- DEMENTIA RESEARCHER - https://www.dementiaresearcher.nihr.ac.uk -

Largest Alzheimer GWAS in African Americans Finds Variants

African Americans have about double the risk of dementia [1] as their non-Hispanic white peers. How much of this is genetics, how much is environment? With the biggest genome-wide association study on African Americans to date, researchers led by Brian Kunkle at the University of Miami in Florida and Christiane Reitz at Columbia University in New York inched closer to answering this question. At just more than 8,000 participants, the study was still small by GWAS standards. It identified 11 novel AD risk loci, including four common variants and seven rare ones. Many of the exact genes differed from those identified in larger studies done on predominantly white participants, but their functions—in immunity, intracellular trafficking, and lipid processing—mostly overlapped. One exception was kidney development, which newly emerged in this study of black Americans.
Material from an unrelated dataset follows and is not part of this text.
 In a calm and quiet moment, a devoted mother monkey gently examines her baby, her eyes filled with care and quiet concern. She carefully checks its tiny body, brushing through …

  • AD GWAS in African Americans included 8,000 participants.
  • Of 11 novel risk loci identified, four were common, seven rare.
  • Immunity, trafficking, lipid processing, and kidney development implicated in disease risk.

Myriad factors likely contribute to higher dementia rates among black Americans (Tang et al., 2001 [2]). In addition to having a higher incidence of comorbidities such as hypertension and diabetes, this population is also disadvantaged in access to quality healthcare, education, and in socioeconomic status. Genetics might also play a role; alas, unearthing disease-associated variants requires massive numbers of samples, and the largest GWAS so far have included mostly non-Hispanic white populations (Oct 2018 conference news [3]).